+++ MATERIAL PROVIDED +++

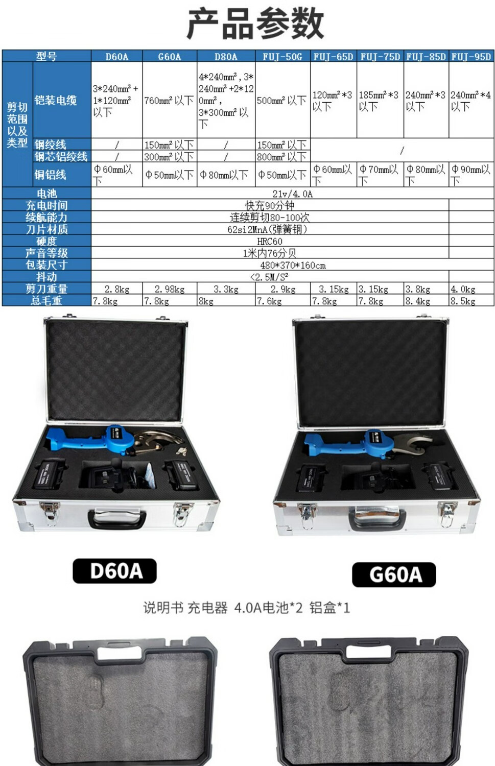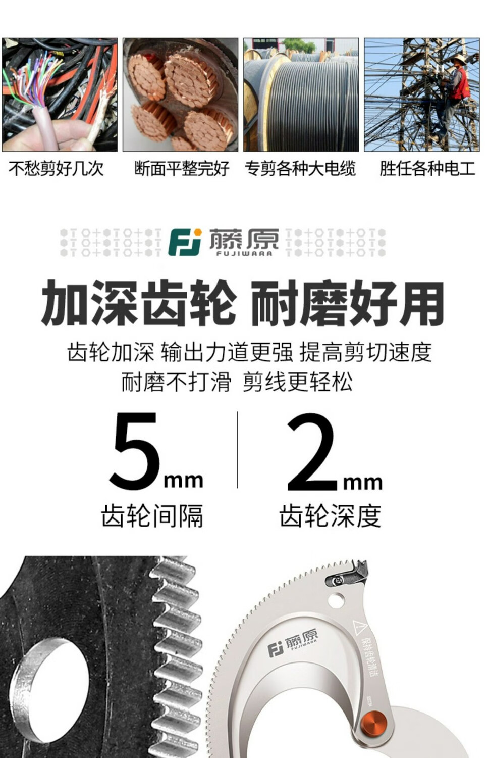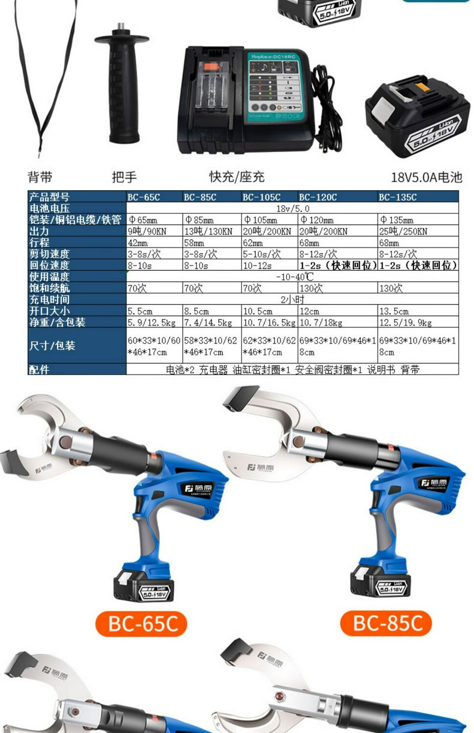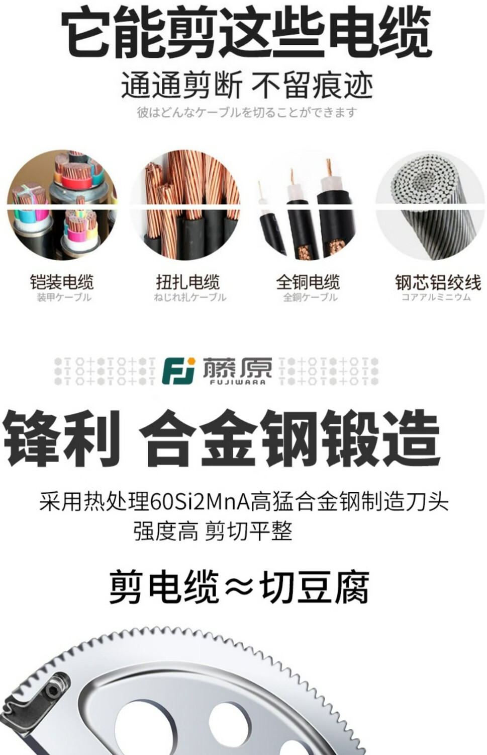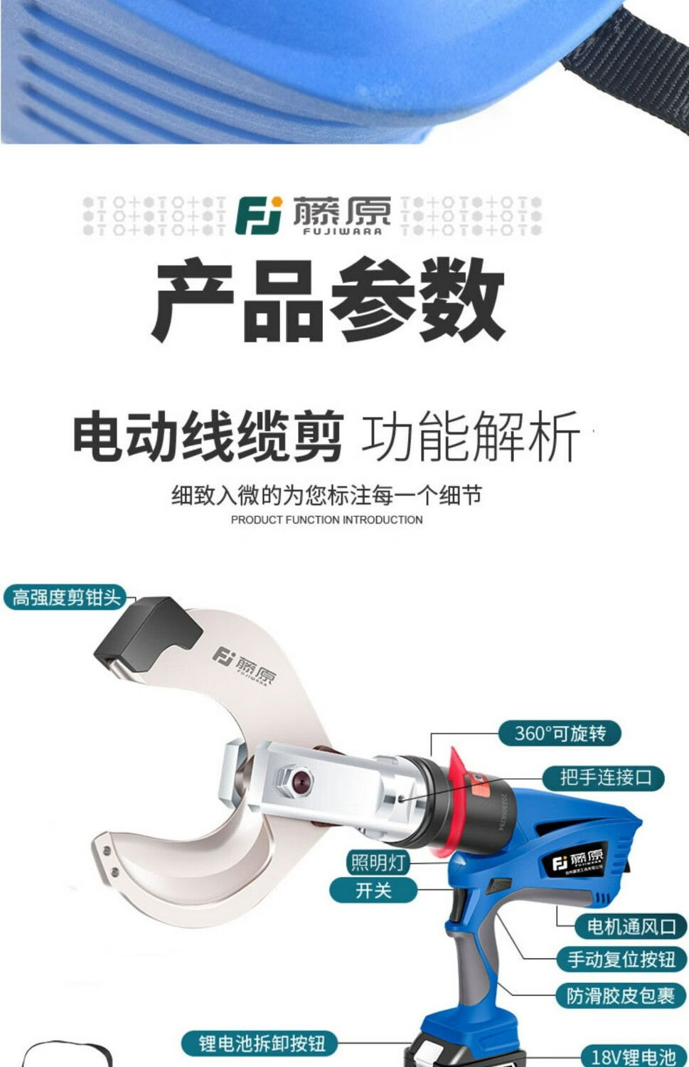 Fujiwara imported from Japan Fujiwara electric ratchet cable cutter wire cutter steel strand rechargeable gear shear lithium battery industrial grade lithium battery steel strand cable cutter FUJ-50G
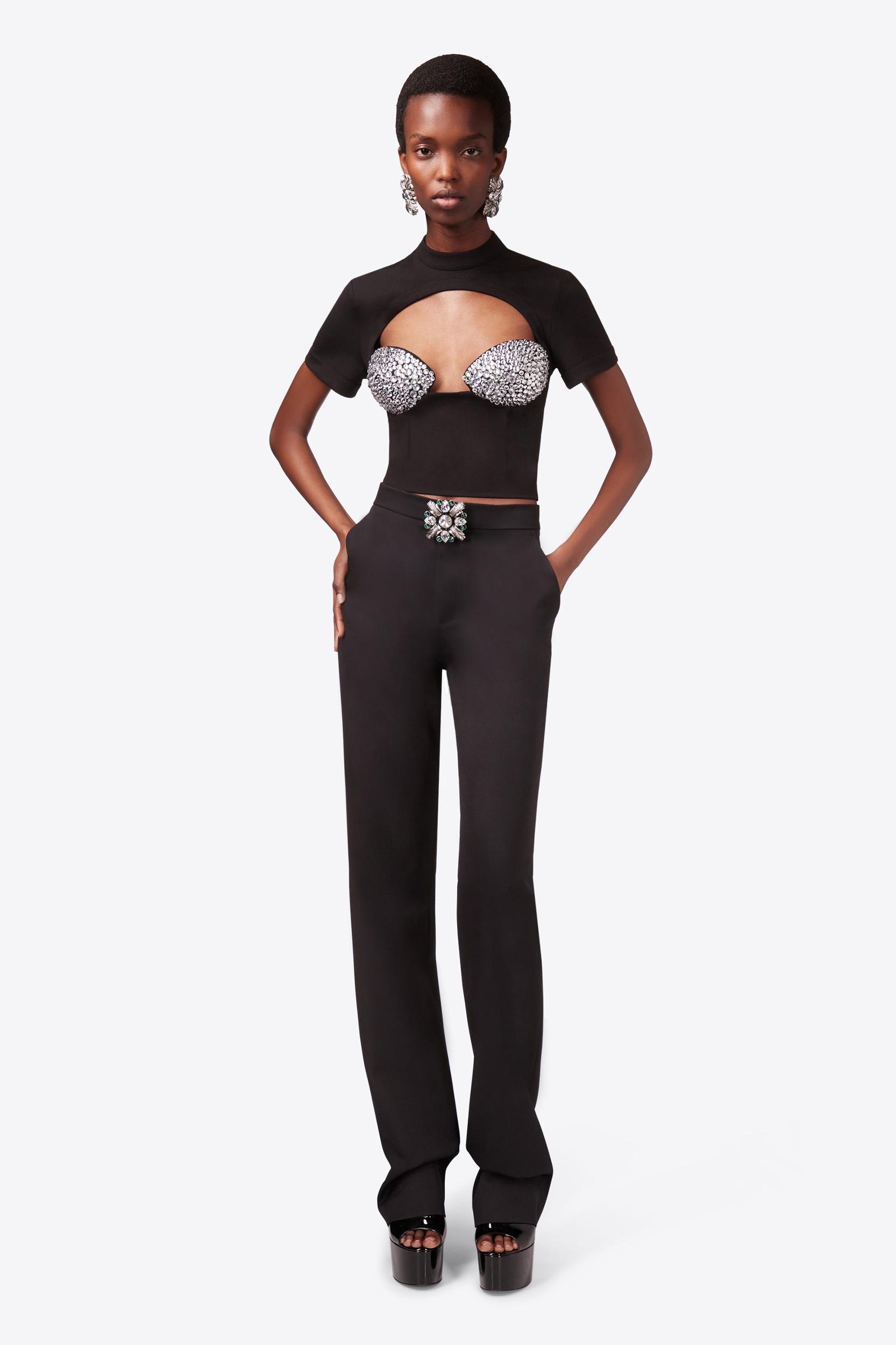 Crystal Embellished Raglan Bustier Cup T-Shirt
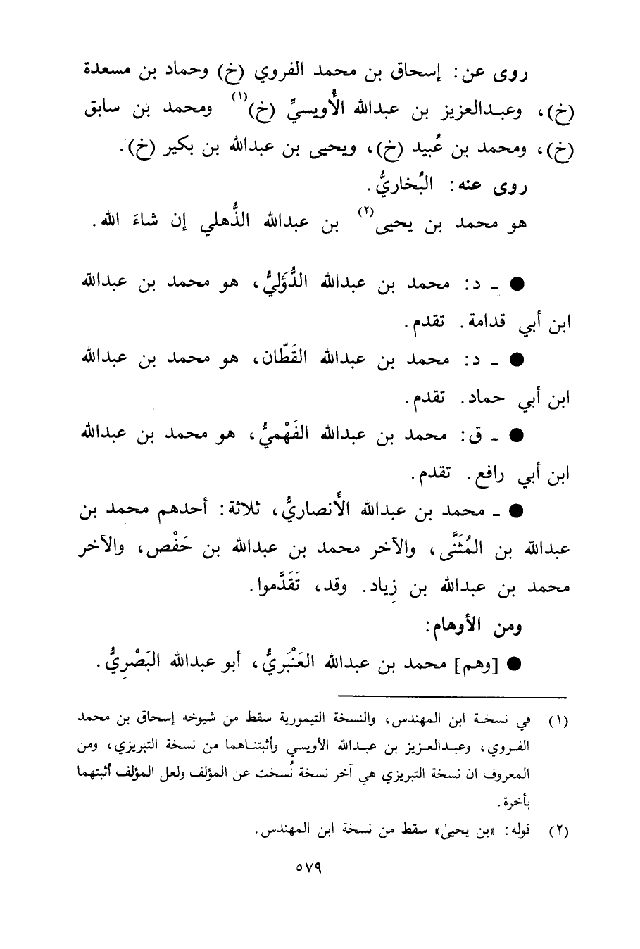 (1) في نسخة ابن المهندس، والنسخة التيمورية سقط من شيوخه إسحاق بن محمد الفروي، وعبد العزيز بْن عَبد اللَّهِ الأُوَيسي وأثبتناهما من نسخة التبريزي، ومن المعروف ان نسخة التبريزي هي آخر نسخة نسخت عن المؤلف ولعل المؤلف أثبتهما بأخرة.
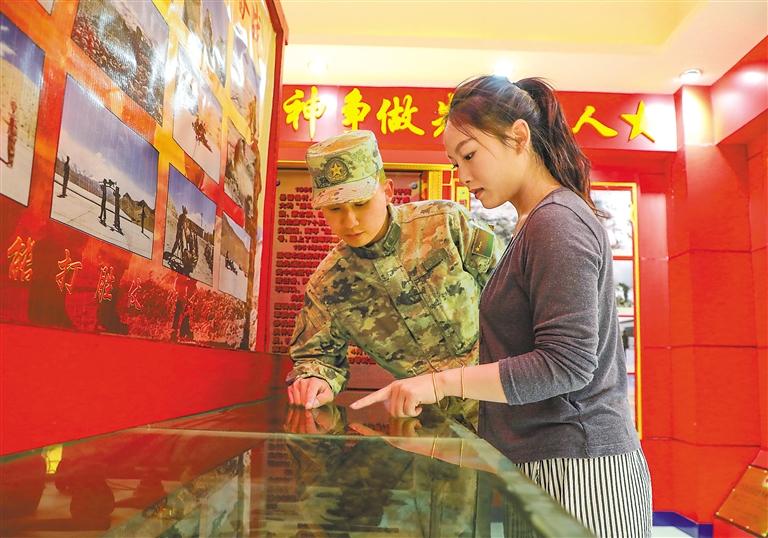圖為7月31日,駐藏某部開展“軍屬進(jìn)軍營、共慶八一建軍節(jié)”主題活動,邀請官兵家屬走進(jìn)軍營,了解官兵日常工作和生活情況,不斷增進(jìn)廣大軍屬的認(rèn)同感與自豪感。這是官兵家屬在參觀部隊(duì)榮譽(yù)室。記者 次仁平措 通訊員 劉曉東 攝
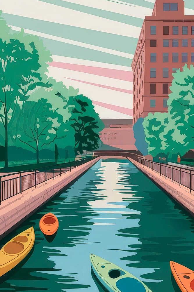 Framed by soft pastel colours and lively canoeists, the scenery in Indianapolis exudes a sense of freedom and adventure. The tranquil canal, lined with lush greenery and an urban backdrop, invites you to leave the hustle and bustle of everyday life behind. Ideal for a living room to create a relaxed atmosphere.

+++

BRIEF
Pictures stay out of the copy; please restate every record above exactly.

ANSWER SECTION
 Fujiwara imported from Japan Fujiwara electric ratchet cable cutter wire cutter steel strand rechargeable gear shear lithium battery industrial grade lithium battery steel strand cable cutter FUJ-50G
 Crystal Embellished Raglan Bustier Cup T-Shirt
 (1) في نسخة ابن المهندس، والنسخة التيمورية سقط من شيوخه إسحاق بن محمد الفروي، وعبد العزيز بْن عَبد اللَّهِ الأُوَيسي وأثبتناهما من نسخة التبريزي، ومن المعروف ان نسخة التبريزي هي آخر نسخة نسخت عن المؤلف ولعل المؤلف أثبتهما بأخرة.
圖為7月31日,駐藏某部開展“軍屬進(jìn)軍營、共慶八一建軍節(jié)”主題活動,邀請官兵家屬走進(jìn)軍營,了解官兵日常工作和生活情況,不斷增進(jìn)廣大軍屬的認(rèn)同感與自豪感。這是官兵家屬在參觀部隊(duì)榮譽(yù)室。記者 次仁平措 通訊員 劉曉東 攝
 Framed by soft pastel colours and lively canoeists, the scenery in Indianapolis exudes a sense of freedom and adventure. The tranquil canal, lined with lush greenery and an urban backdrop, invites you to leave the hustle and bustle of everyday life behind. Ideal for a living room to create a relaxed atmosphere.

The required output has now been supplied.